▶ EXERCISE OBJECTIVE
Leaving out the pictures, reproduce each record exactly and in full.

▶ Data extracted from a collection
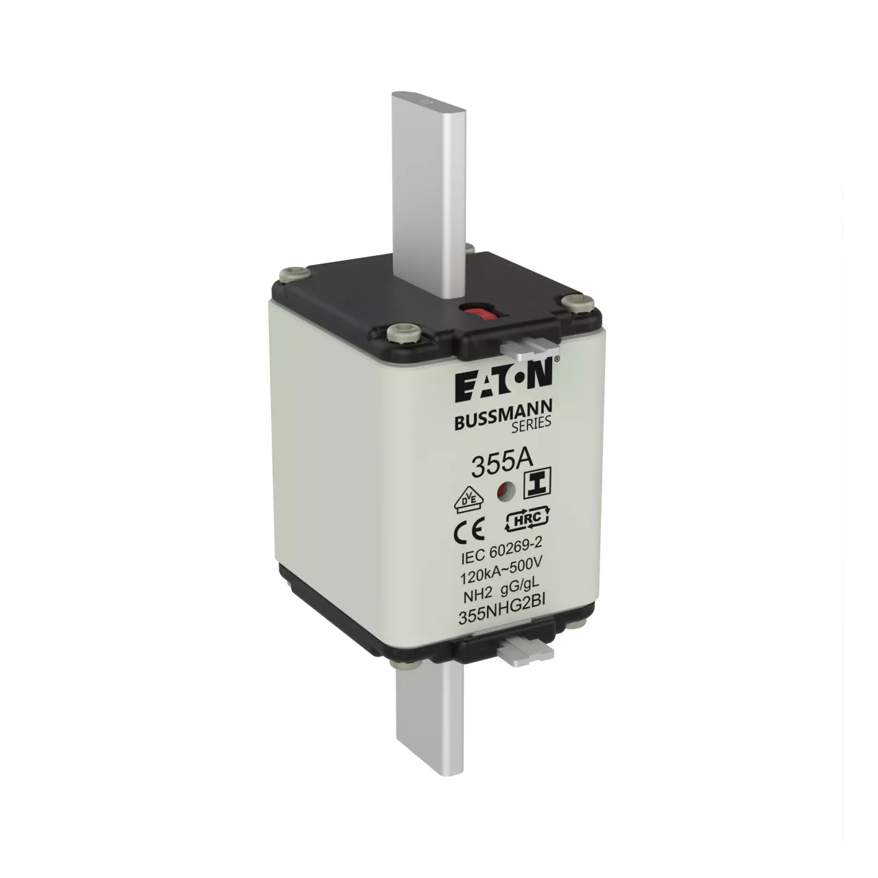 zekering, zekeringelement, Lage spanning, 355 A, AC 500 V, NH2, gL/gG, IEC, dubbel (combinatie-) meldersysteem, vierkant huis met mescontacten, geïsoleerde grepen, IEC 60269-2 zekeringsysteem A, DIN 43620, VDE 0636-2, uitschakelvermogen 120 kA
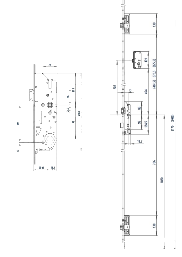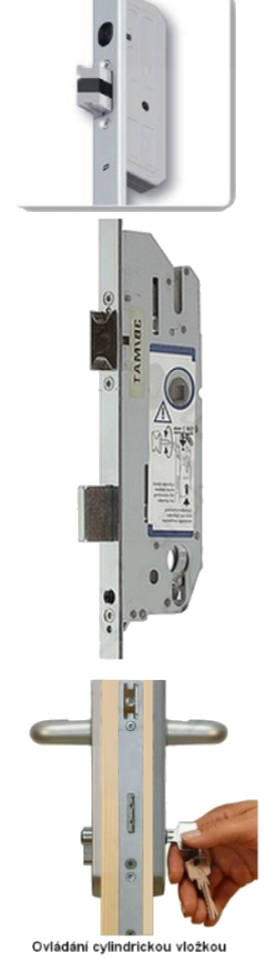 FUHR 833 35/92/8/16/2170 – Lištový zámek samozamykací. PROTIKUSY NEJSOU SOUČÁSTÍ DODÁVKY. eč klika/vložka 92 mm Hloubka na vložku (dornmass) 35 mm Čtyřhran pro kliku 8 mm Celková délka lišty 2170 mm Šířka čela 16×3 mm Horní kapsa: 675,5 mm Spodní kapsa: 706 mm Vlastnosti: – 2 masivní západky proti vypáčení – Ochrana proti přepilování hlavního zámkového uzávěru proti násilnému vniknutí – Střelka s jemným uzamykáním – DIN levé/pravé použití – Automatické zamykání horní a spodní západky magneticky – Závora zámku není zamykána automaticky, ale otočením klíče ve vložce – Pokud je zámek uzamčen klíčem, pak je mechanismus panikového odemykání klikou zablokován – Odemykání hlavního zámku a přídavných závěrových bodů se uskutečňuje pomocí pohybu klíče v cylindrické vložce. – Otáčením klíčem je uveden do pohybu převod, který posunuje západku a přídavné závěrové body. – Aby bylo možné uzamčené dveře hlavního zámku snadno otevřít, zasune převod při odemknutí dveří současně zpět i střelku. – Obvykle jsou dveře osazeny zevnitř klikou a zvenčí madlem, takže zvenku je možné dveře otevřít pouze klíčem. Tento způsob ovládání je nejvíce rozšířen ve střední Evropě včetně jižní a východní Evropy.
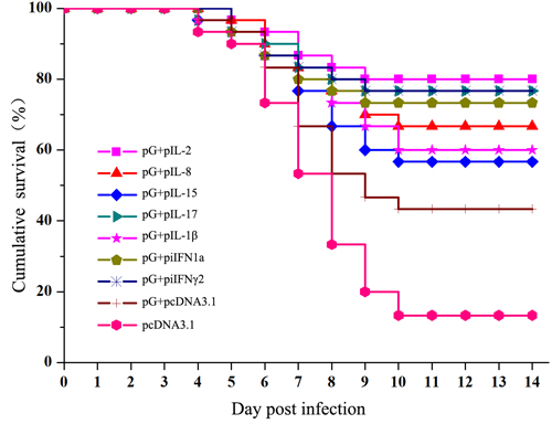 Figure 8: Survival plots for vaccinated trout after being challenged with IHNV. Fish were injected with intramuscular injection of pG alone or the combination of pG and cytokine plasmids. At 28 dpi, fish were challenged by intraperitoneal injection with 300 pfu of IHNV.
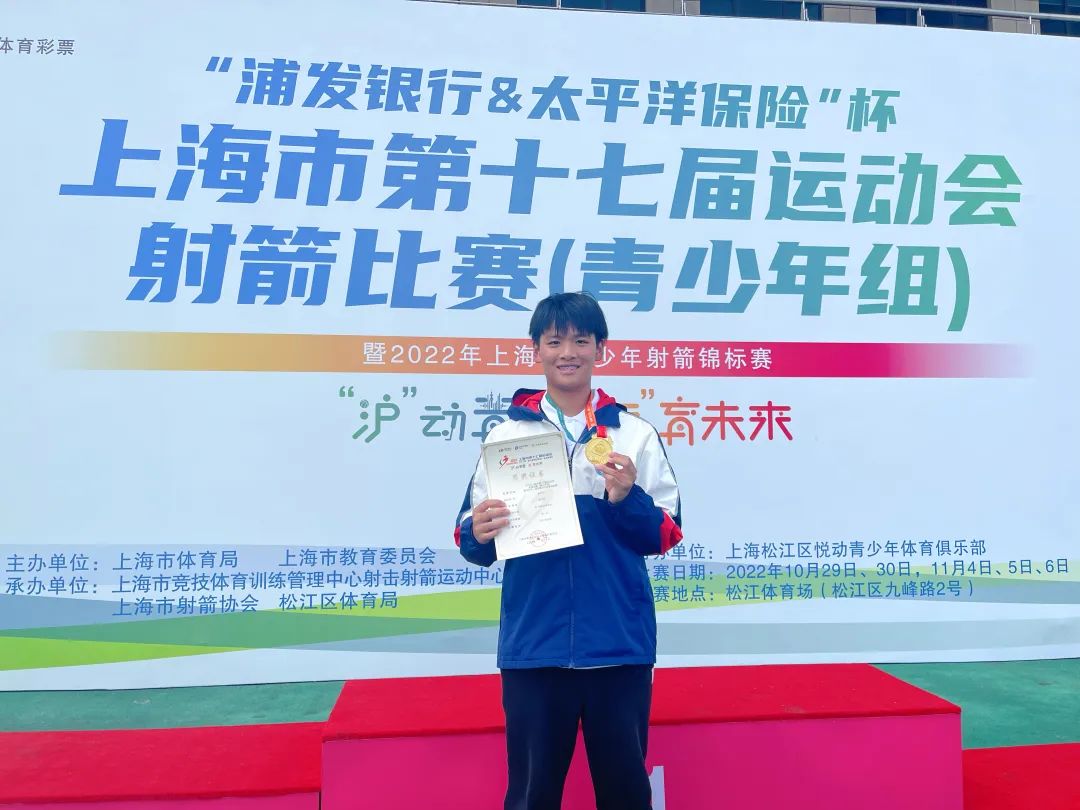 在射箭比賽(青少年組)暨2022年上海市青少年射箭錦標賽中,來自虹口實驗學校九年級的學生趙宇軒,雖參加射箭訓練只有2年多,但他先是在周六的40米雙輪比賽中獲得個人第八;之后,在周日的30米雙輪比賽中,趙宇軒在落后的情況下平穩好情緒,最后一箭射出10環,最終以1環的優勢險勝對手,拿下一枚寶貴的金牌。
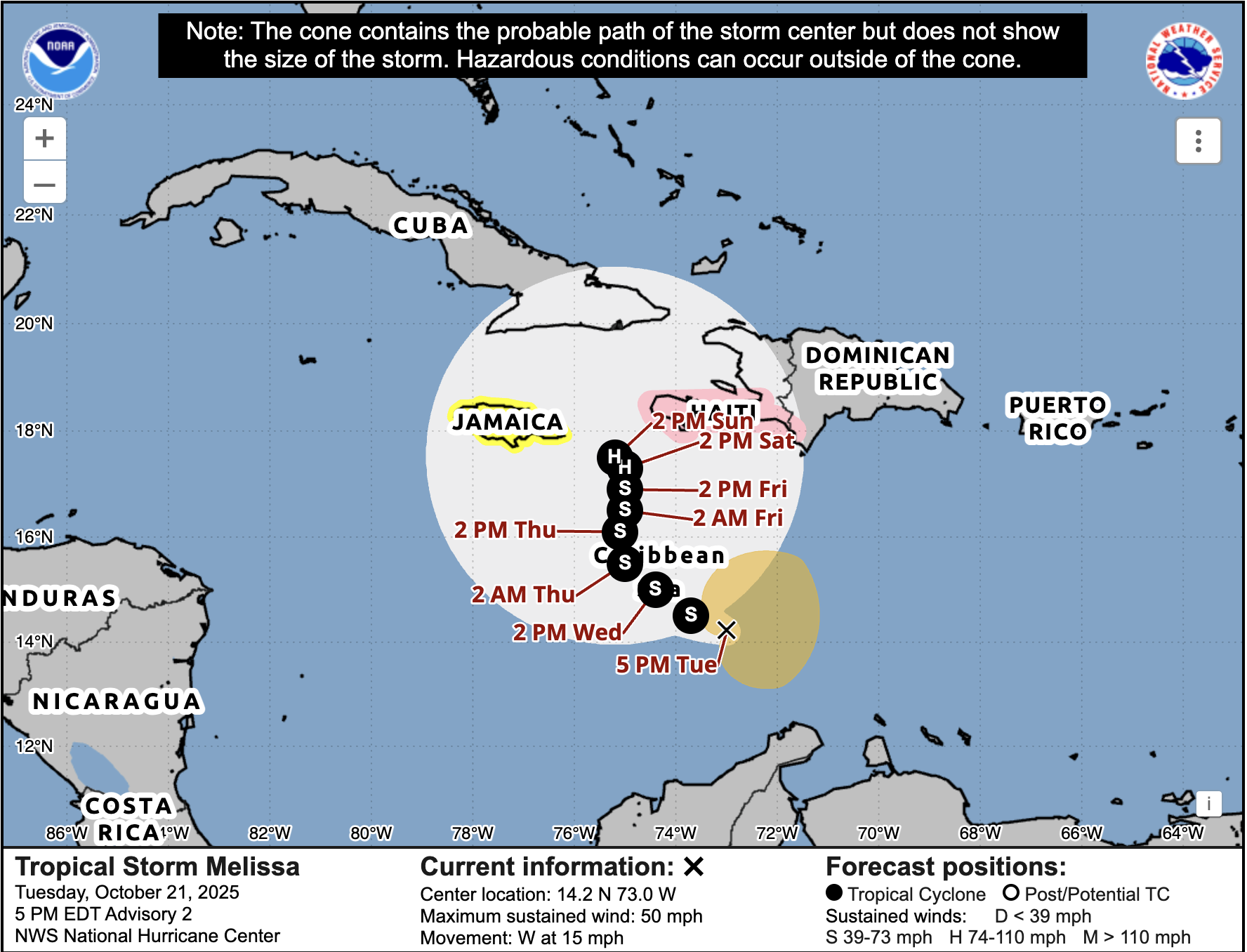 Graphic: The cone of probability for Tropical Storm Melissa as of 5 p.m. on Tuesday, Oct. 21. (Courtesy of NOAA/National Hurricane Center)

▶ EXERCISE SOLUTION
 zekering, zekeringelement, Lage spanning, 355 A, AC 500 V, NH2, gL/gG, IEC, dubbel (combinatie-) meldersysteem, vierkant huis met mescontacten, geïsoleerde grepen, IEC 60269-2 zekeringsysteem A, DIN 43620, VDE 0636-2, uitschakelvermogen 120 kA
 FUHR 833 35/92/8/16/2170 – Lištový zámek samozamykací. PROTIKUSY NEJSOU SOUČÁSTÍ DODÁVKY. eč klika/vložka 92 mm Hloubka na vložku (dornmass) 35 mm Čtyřhran pro kliku 8 mm Celková délka lišty 2170 mm Šířka čela 16×3 mm Horní kapsa: 675,5 mm Spodní kapsa: 706 mm Vlastnosti: – 2 masivní západky proti vypáčení – Ochrana proti přepilování hlavního zámkového uzávěru proti násilnému vniknutí – Střelka s jemným uzamykáním – DIN levé/pravé použití – Automatické zamykání horní a spodní západky magneticky – Závora zámku není zamykána automaticky, ale otočením klíče ve vložce – Pokud je zámek uzamčen klíčem, pak je mechanismus panikového odemykání klikou zablokován – Odemykání hlavního zámku a přídavných závěrových bodů se uskutečňuje pomocí pohybu klíče v cylindrické vložce. – Otáčením klíčem je uveden do pohybu převod, který posunuje západku a přídavné závěrové body. – Aby bylo možné uzamčené dveře hlavního zámku snadno otevřít, zasune převod při odemknutí dveří současně zpět i střelku. – Obvykle jsou dveře osazeny zevnitř klikou a zvenčí madlem, takže zvenku je možné dveře otevřít pouze klíčem. Tento způsob ovládání je nejvíce rozšířen ve střední Evropě včetně jižní a východní Evropy.
 Figure 8: Survival plots for vaccinated trout after being challenged with IHNV. Fish were injected with intramuscular injection of pG alone or the combination of pG and cytokine plasmids. At 28 dpi, fish were challenged by intraperitoneal injection with 300 pfu of IHNV.
 在射箭比賽(青少年組)暨2022年上海市青少年射箭錦標賽中,來自虹口實驗學校九年級的學生趙宇軒,雖參加射箭訓練只有2年多,但他先是在周六的40米雙輪比賽中獲得個人第八;之后,在周日的30米雙輪比賽中,趙宇軒在落后的情況下平穩好情緒,最后一箭射出10環,最終以1環的優勢險勝對手,拿下一枚寶貴的金牌。
 Graphic: The cone of probability for Tropical Storm Melissa as of 5 p.m. on Tuesday, Oct. 21. (Courtesy of NOAA/National Hurricane Center)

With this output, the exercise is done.